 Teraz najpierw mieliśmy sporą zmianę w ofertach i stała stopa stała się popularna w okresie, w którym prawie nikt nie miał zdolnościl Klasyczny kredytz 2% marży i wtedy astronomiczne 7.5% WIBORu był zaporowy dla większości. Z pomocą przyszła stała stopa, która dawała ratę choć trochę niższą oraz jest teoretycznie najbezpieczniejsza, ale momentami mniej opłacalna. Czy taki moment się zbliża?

--

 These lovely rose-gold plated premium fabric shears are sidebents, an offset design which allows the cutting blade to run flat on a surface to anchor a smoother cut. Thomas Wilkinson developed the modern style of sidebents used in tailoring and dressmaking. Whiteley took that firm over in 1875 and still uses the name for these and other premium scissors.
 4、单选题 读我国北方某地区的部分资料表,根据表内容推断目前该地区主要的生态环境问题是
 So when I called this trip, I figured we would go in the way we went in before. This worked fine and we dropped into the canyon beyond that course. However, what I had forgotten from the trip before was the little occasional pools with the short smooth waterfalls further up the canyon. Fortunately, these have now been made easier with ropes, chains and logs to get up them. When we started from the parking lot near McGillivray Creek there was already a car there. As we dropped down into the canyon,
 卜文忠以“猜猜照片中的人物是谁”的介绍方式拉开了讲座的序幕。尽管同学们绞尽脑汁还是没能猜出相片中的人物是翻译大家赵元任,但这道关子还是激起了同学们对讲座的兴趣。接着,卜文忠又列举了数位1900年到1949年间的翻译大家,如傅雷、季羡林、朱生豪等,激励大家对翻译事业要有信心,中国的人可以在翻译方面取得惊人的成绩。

## Exercise aim
Start with the line above that contains "These lovely rose-gold" and end with the line that contains "4、单选题 读我国北方某地区". Write out those lines exactly, and only those.

## Answer box
 These lovely rose-gold plated premium fabric shears are sidebents, an offset design which allows the cutting blade to run flat on a surface to anchor a smoother cut. Thomas Wilkinson developed the modern style of sidebents used in tailoring and dressmaking. Whiteley took that firm over in 1875 and still uses the name for these and other premium scissors.
 4、单选题 读我国北方某地区的部分资料表,根据表内容推断目前该地区主要的生态环境问题是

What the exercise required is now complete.